Exercise:
Could you retype exactly the lines below between the one holding "Clínica IMAR aplica" and the one holding "Siegerprojekt von Adrian", inclusive, leaving out any pictures?

Data:
Content starts

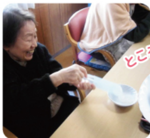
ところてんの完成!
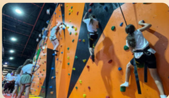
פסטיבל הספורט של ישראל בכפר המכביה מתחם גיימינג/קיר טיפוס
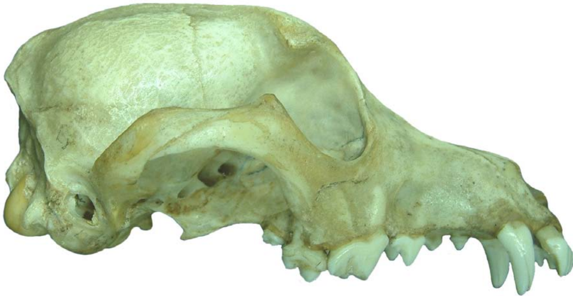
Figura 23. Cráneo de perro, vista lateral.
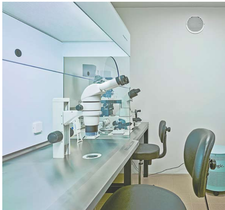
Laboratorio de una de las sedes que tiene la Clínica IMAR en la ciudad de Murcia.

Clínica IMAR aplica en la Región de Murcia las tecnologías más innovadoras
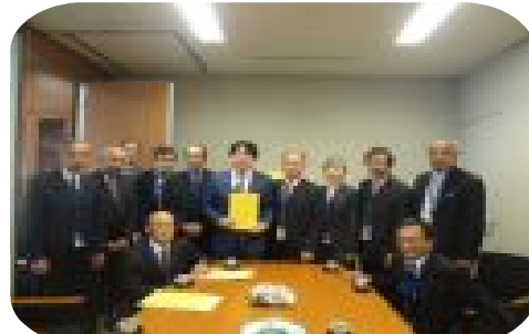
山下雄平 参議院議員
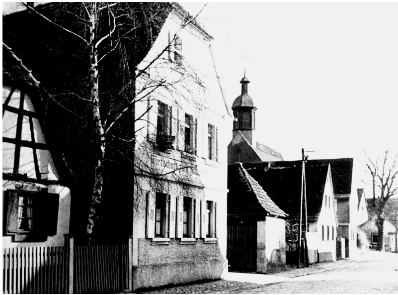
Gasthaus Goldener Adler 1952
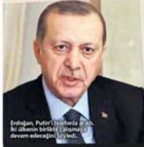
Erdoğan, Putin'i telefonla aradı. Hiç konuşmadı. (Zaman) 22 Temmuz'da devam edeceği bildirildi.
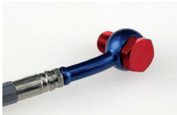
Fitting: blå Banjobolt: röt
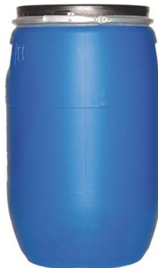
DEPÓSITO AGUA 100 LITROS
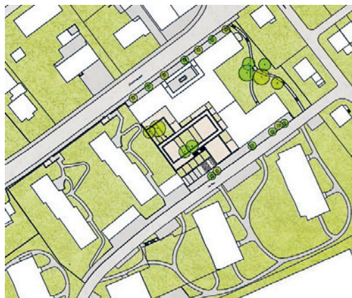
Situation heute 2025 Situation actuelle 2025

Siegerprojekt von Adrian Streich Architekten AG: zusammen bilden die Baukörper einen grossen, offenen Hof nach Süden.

Content ends
Content starts

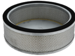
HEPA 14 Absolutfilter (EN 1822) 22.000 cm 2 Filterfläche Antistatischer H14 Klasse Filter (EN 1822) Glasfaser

Content ends

Written solution:
Clínica IMAR aplica en la Región de Murcia las tecnologías más innovadoras
山下雄平 参議院議員
Gasthaus Goldener Adler 1952
Erdoğan, Putin'i telefonla aradı. Hiç konuşmadı. (Zaman) 22 Temmuz'da devam edeceği bildirildi.
Fitting: blå Banjobolt: röt
DEPÓSITO AGUA 100 LITROS
Situation heute 2025 Situation actuelle 2025

Siegerprojekt von Adrian Streich Architekten AG: zusammen bilden die Baukörper einen grossen, offenen Hof nach Süden.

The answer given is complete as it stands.